I decided to go the recursive route with this algorithm because I really want to nail down this very important programming technique. I could have gone the iterative route with a while loop, but been there done that with while loops. Haven’t done too many recursive functions, however.

So what is recursion? Recursion is a programming technique whereby a function calls itself. I use recursion in the Smallest Common Multiple algorithm, and I wrapped it in a for loop. Someone saw it yesterday, and asked me why did I do that? Wasn’t I going to potentially increase the call stack to such a degree that it would return the error “RangeError: **Maximum call stack** size **exceeded**“. That means that somewhere in a piece of code, a function is being called which in turn calls another function and so on, until it reaches the call stack limit. This is almost always because of a recursive function with a** base case** that is ** not** being met. I liked what it did, and I wanted to learn something new. I guess this will give me plenty to talk about when I delve more into Recursion and its potential pitfalls!

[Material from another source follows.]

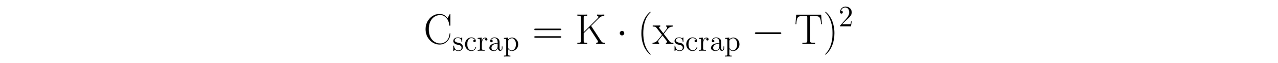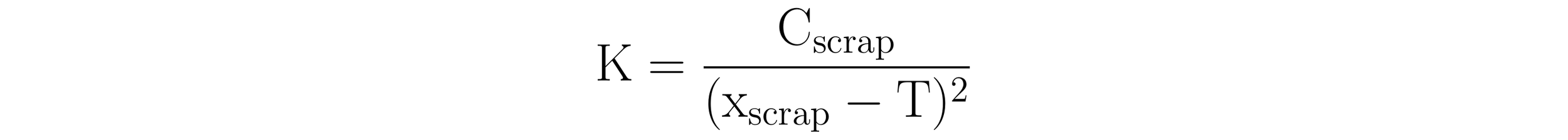 Here, C_scrap is a function of K and the squared deviation of x_scrap from the target. Rewriting this formula in terms of K yields: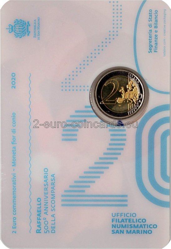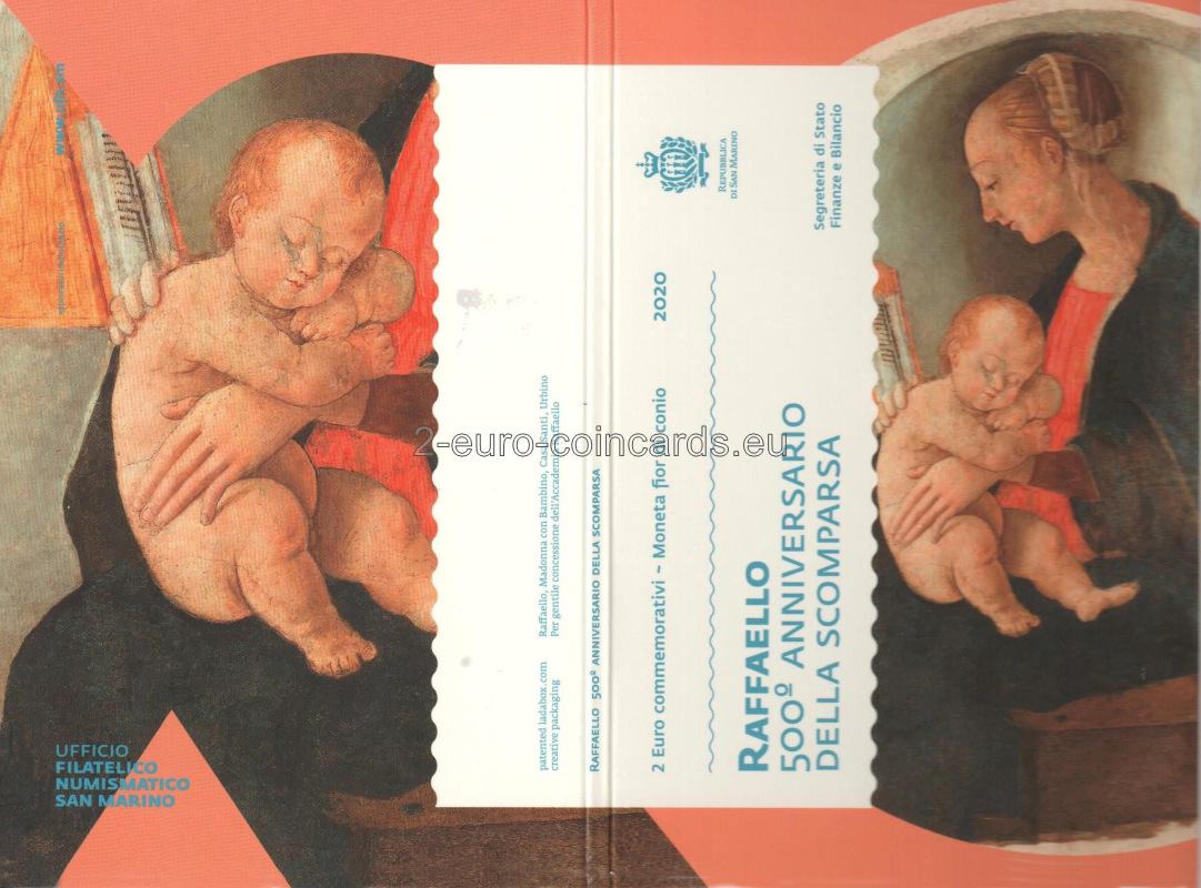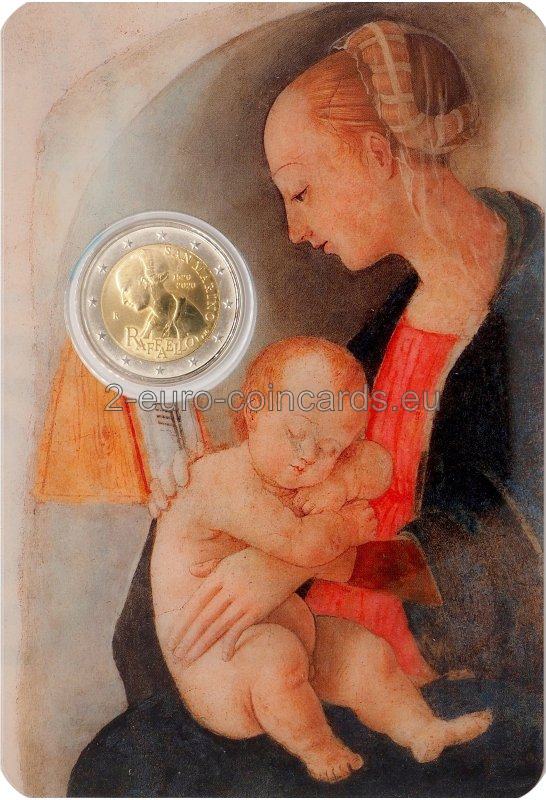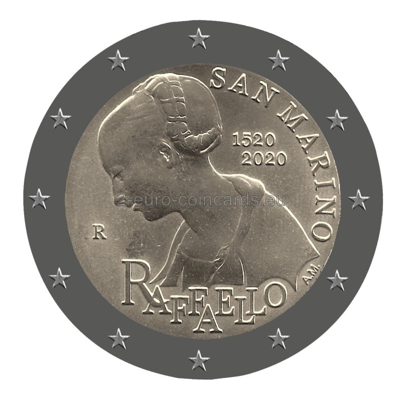Na vzore je vyobrazený profil Panny Márie, detail fresky „Madonna di Casa Santi“. V pravej hornej časti mince sa nachádza názov vydávajúcej krajiny „SAN MARINO“ a roky „1520“ a „2020“. V dolnej časti mince je nápis „RAFFAELLO“, vpravo od neho iniciály autorky Annalisy Masiniovej „A.M.“ a vľavo písmeno „R“, značka rímskej mincovne.

I have not been focusing so much on call stacks, scalability, time, and memory so much to date. However, when I have finished my written articulations of algorithms I have completed to date on Free Code Camp, which is pretty much all of them except a few advanced ones which I will get back to after a small break, I will start focusing on ** Big O**,

**and its potential pitfalls, more on**

*Recursion***,**

*Cyclomatic Complexity***,**

*Dynamic Programming***, and so on.**

*Unit Testing*First things first. Written articulation of the code!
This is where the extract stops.